Airbus's Leahy offers Boeing some free advice.


"Go re-engine the 757, make it a 'Neo' and put it into the marketplace," he says. "It won't cost you a fortune and at least you'll have something to compete in the market."


Not surprisingly, Boeing did not embrace Leahy's recommendation. Indeed, Boeing has acknowledged studying a 757 production revival but shelved the idea as impractical.


"I can tell you that the re-engined 757 is off the table," says Tinseth. "I don't think that’s going to work."


In fact Boeing and Airbus are not the only organisations that have studied a 757 re-engining. As far back as 2010, a former Boeing propulsion integration engineer developed a proposal to re-engine the existing 757 fleet as a retrofit with a new version of the Pratt & Whitney geared turbofan engine.


In a nearly 30-year Boeing career, David Tegeler worked and managed several propulsion competitions, including the engine selection for the 737NG family. By 2010, he had established an independent consulting firm, Engine and Aircraft Strategies, when the idea struck him.

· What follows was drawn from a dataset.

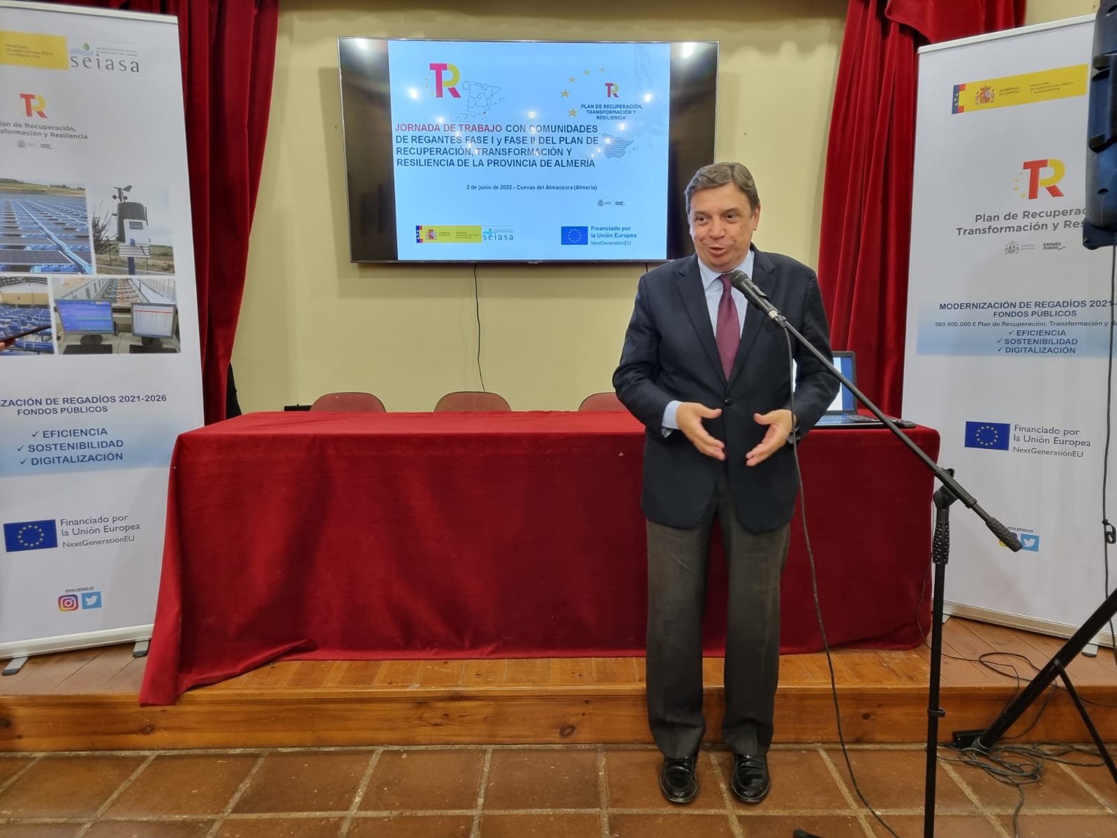 El ministro de Agricultura, Pesca y Alimentación, Luis Planas, ha mantenido hoy una reunión en Cuevas del Almanzora (Almería) con comunidades de regantes de la zona del levante almeriense que participan en los distintos proyectos de modernización de regadíos incluidos en el Plan de Recuperación, Transformación y Resiliencia (PRTR). Estos proyectos están cofinanciados con fondos públicos Next Generation de la Unión Europea (UE), hasta un máximo del 80 %, y por las propias comunidades de regantes.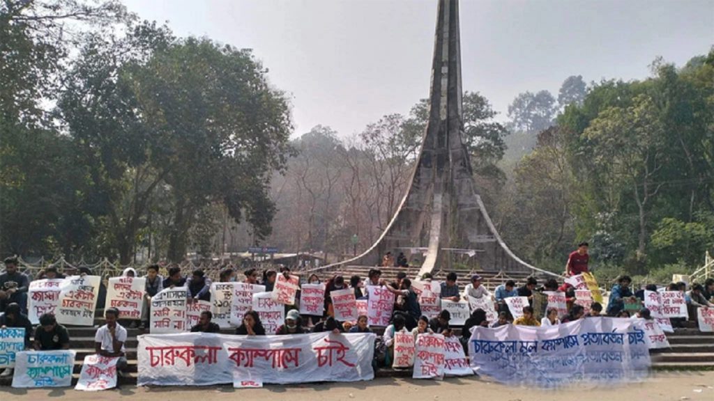 মূল ক্যাম্পাসে স্থানান্তরের দাবিতে চট্টগ্রাম বিশ্ববিদ্যালয়ে আজও (৬ ফেব্রুয়ারি) আন্দোলন করছে চারুকলা ইন্সটিটিউটের শিক্ষার্থীরা। চট্টগ্রাম বিশ্ববিদ্যালয়ের মূল ক্যাম্পাসে আন্দোলনের দ্বিতীয় দিন আজ।

"I was staring at a 757 payload range curve and realised how good the airplane would be with a geared turbofan and how easy the installation would be, looking at the nacelle ground clearance," Tegeler says.


To Tegeler, the main appeal would be to give Boeing a stopgap solution to the A321neo over the next decade as the company developed a new derivative or clean-sheet. It would also give P&W and Boeing experience developing a new centreline engine with a thrust rating of up to 45,000lb-thrust before the ultimate MoM option became available.


At the time, the 757 fleet younger than 20 years numbered 770 aircraft, including 464 powered by the Rolls-Royce RB211 and 306 driven by PW2000 engines. Tegeler says he pitched the concept to all three US major carriers – American Airlines, Delta Air Lines and United.


"Each had their own very good reasons why they couldn't be sponsors of the programme. However, one thought it was an interesting programme," he says.


The concept also couldn't survive reluctance by the engine manufacturer, already committed to develop five different versions of the GTF for new aircraft families.


"P&W was open about saying it had too many programmes on its plate," Tegeler says. "So that would be difficult without a major airlines sponsor."


Tegeler abandoned the idea after it failed to gain traction from airlines or the engine companies. Six years later, the window for a retrofit 757 re-engining programme has passed as the fleet has aged. But for Tegeler another opportunity is opening to re-engine another Boeing aircraft either as a new production model or a retrofit. He proposes to take a derated version of the GE Aviation GEnx-2B for the 747-8 and install the 64,000lb-thrust turbofan on the 767-200 and 767-300. Unlike the bleedless architecture of the GEnx-1B offered for the 787, the GEnx-2B has a conventional bleed-air system compatible with the 767.


"This would satisfy the mid-market for some time to come and not take away from 787 sales, with an inexpensive platform," Tegeler says. To keep it inexpensive, Boeing would have to keep modifications to a minimum.


"Alternatively," Tegeler adds, "it could be a retrofit programme but that would be harder to organise if Boeing wasn't involved."